Veronica--let us know if you find anymore this year.


----------



## morelseeker

Yea I've never heard any complaints from the residents there and I hope I never do. I'm going to try again next weekend as it's supposed to warm a little and get some rain here. This week has been a little cool but I may go out to another one of those places, I haven't been to before, for a while and see. Next weekend I'm going all out and hit some big cem......


----------



## veronica

Cemeteries have great patches of Oysters sometimes on Maple and Elm this time of year. Don't forget to look up as well as down.


----------



## veronica

Still finding new hens in various stages of growth.
I found 5 new , picked one that was growing from last week (by the coffee cup) , and had 2 hatchlings get bit by frost from last week. They were by a lone tree with to much exposure to air wind and frost. 
The other trees in more wooed areas with a good canopy survived just fine. 
I still expect more from live tree's as that's what I've seen this weekend


----------



## mushroomsarah

Here in STL, I've been to all of my trees that produced last year but only ONE tree has produced anything. However the one that did was still in baby stage and dry as a bone, what's up? Did the season not happen here? Did I just miss it, is it yet to come? Very dry out there, I'm not even seeing LBMs.


----------



## lgb

Sarah I had the same exact experience to a tee down south of StL. I have some spots here right across the river from StL that I wanted to check but its on public land and there were several deer hunters in the woods already so I didn't check them. I went back to the baby hen I found a week later and it didn't even grow. I am going out to my friends property in Pocahontas IL Sat to prospect and hopefully mark some trees. I am hopeful this mild weather and three days of rain might miraculously pop some up. :mrgreen:


----------



## treii28

Thanks for the link! I was wondering what spiked my hits until I checked referrers. If I had to pick a second to morels, I would have to asked, 'based on what'? Each mushroom has it's own appeal. I liked the flavor of shaggymanes but they are so hard to keep from going mushy in the pan and can be difficult to find before they start to ink-out unless you frequent the areas they grow a lot.
My second to morels would probably be a non-mushroom, in that I like fresh asparagus often found about the same time. But I've enjoyed wild oysters, sulfur shelfs, maitakes, and even jewelled puffers are pretty good. Another I like a lot are pink-bottoms or meadow mushrooms.

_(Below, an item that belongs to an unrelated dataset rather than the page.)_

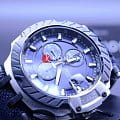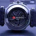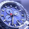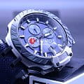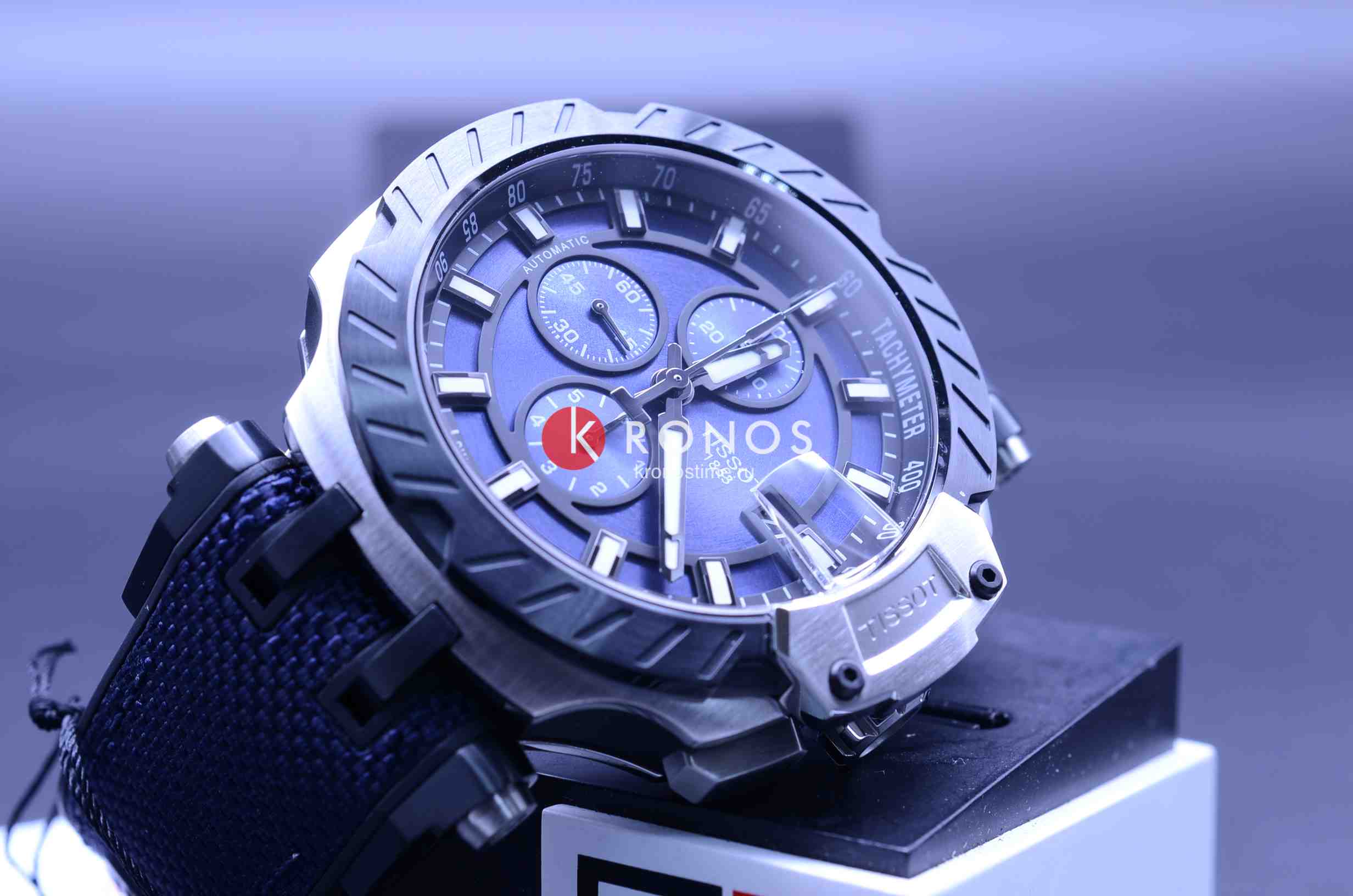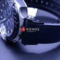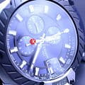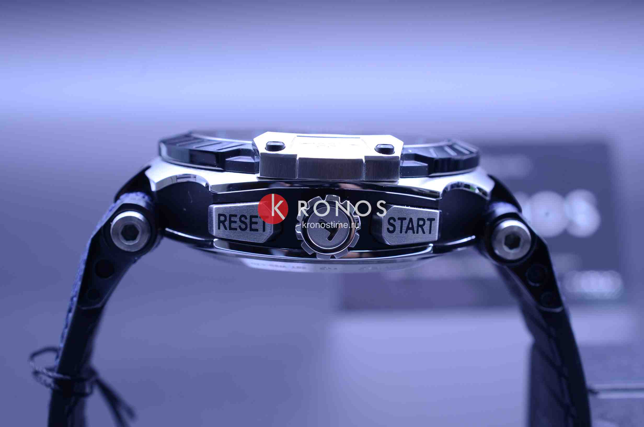 БезельБезельВнешний ободок, закрепляющий стекло. В спортивных часах так называется поворотное кольцо с делениями на циферблате, выполняет роль таймера – замеряет отрезки времени на шкале. Неподвижный безель – элемент декора. Однонаправленно вращающийся безель на дайверских часах позволяет фиксировать моменты погружения и выныривания на поверхность. выполнен в образе тормозного диска, чёрный цвет сочетается с синими переливами массивного циферблата со счётчиками хронографаХронографФункция позволяет измерять отрезки времени с особой точностью: часы, минуты, секунды. Верным признаком хронографа является наличие на циферблате 3 дополнительных окошек-счётчиков.. Задняя крышка сделана в виде колеса. Механические часы с автоподзаводом оснащены швейцарским механизмом C01.211, сохраняющим запас хода до 40 часов. Корпус из долговечной стали 316L с PVD-покрытиемPVDУльтратонкое покрытие наносится в технике вакуумного напыления, сочетает в себе нитрид титана особой прочности со слоем золота или оксида хрома. Несёт в себе декоративную или защитную функцию.. Ремешок из каучука и натуральной кожи. Секундомер, календарь, тахиметрТахиметрРазмеченная шкала, располагается на ободке или безеле часов. Тахиметр позволяет рассчитать скорость на определённом участке пути, расстояние измеряется в километрах или милях.. Габариты: 48,8 x 45 x 16,6 мм.

Be sure to also check out my 'list of 8'
http://thewildwebster.wordpress.com/2010/05/06/michigan-mycology-list-of-8/


----------



## shroominsara

Well hens may be done, but shaggy manes are out in full force. I found 68 today in two different patches (one patch had 53)! Of course, some were inked out and some were tiny, but still a pretty good bunch of em to eat.


----------



## lgb

Sara how do you prepare shaggy's? Do you saute them? I find them every year but they seem to fragile to cook.


----------



## veronica

A Halloween Hen
and a November hen coming soon I think.
I am hoping for Blewits this weekend
I am sorry that some had a bad hen season, hopefully things will change next season for ya


----------



## lgb

Where are you located Veronica? Seeing that gives me great hope all is not lost. I hunt two areas. St Louis metro and a little farther south around Iron and St Francois county.


----------



## kc rm hunter

Wow,that Maitake is SCARY!!!  Shaggies Shroominsarah!!!!!
My very first November Hen!!!! 
Kinda funny lookin due to the cold I recon!!
...good luck on November shrooms everyone!!!!


----------



## morelseeker

I've only found a few oysters two weeks ago and today only a few. Two nights ago I had some left over hens and decided to heat them up for a late night snack. Just before they were done I added a little soy sauce. Best thing I could have done. I finished browning them they were very tasty. Yesterday I fried up about 2 cups of chopped hens and added about a tablespoon and a half of soy sauce and a good tablespoon of grape seed oil. As they started to brown I put in two tablespoons of cooking sherry stirred a little then added 1 tablespoon of ketchup and 2 tablespoons of oyster sauce. I then put pieces of ground chuck on top (about 1/3 pound) and let it cook. Turned it over to brown the meat on the other side and added some cracked pepper. When it was done I put it together with about a cup of shrimp fried rice from the Chinese restaurant. That tasted very good. I'm going to try for some more hens this Saturday.


----------



## kc rm hunter

Mmmmm Morelseeker,sounds GOOD!!!


----------



## veronica

I am in South central Mo.
Hen season is not over . Almost all my tree's have done something , but not in a typical sequence. 
Some are just getting around to fruiting. 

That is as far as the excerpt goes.